Дэви вышел из паба не торопясь, но вскоре перешел на бег. Последние десять лет он жил, сознавая, что виновен в смерти Патрика Финнегана, и эта мысль съедала его заживо. Он не сможет больше жить, понимая, что помог Бертону совершить еще одно убийство. У него пока есть крохотный шанс остановить то, чему он дал толчок. И он им воспользуется.
Кеб замедлил ход на углу Саутгемптон и Тависток-стрит. Дэви сунул кебмену деньги и выскочил, не дожидаясь полной остановки.
Обратный адрес на конверте гласил: «Дж. Бристоу, 4, Тависток-стрит, Ковент-Гарден». Но Бристоу не посылал ей записку. Дэви обязан был сказать ему, кто это сделал. Может быть, Бристоу что-нибудь придумает.
О’Нил пробежал несколько ярдов, отделявших его от номера четыре. На медной табличке значилось «ОПТОВАЯ ФИРМА „БРИСТОУ С КОВЕНТ-ГАРДЕНА“. ВЛАДЕЛЬЦЫ — БРАТЬЯ ДЖОЗЕФ И ДЖЕЙМС БРИСТОУ». Он повернул ручку, но дверь была заперта. Он постучал.
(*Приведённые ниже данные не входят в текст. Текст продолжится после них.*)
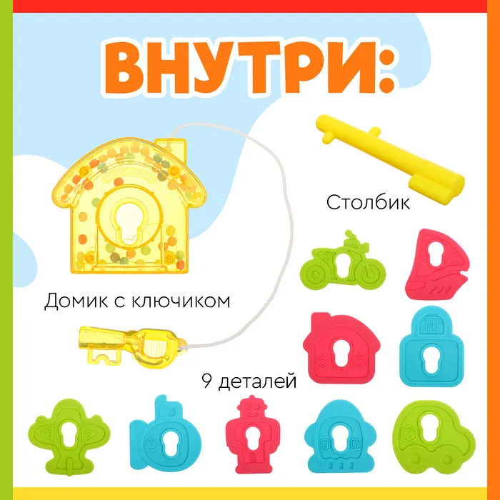 Игрушка способствует развитию усидчивости, логического мышления и навыков сортировки. Шнуровка укрепляет пальцы и готовит руку к письму, а работа с ключиком и дверцей помогает понять простейшие механизмы.

— Мистер Бристоу! — крикнул Дэви. — Мистер Бристоу! Кто-нибудь! — Но ответа не последовало. По субботам после обеда большинство учреждений закрывалось, но, может быть, на месте остался привратник или какой-нибудь клерк, который сказал бы ему, где находится этот Дж. Бристоу. — Мистер Бристоу! — снова крикнул он.
— Мистер О’Нил… — негромко сказали сзади.
Дэви резко обернулся, ожидая увидеть за спиной Уильяма Бертона, который стоит и смотрит на него страшными черными глазами. Но это был не Бертон, а какой-то молодой парень в кепке и куртке. На подбородке у парня был шрам, а сложением он напоминал быка. Рядом с ним стоял еще один парень.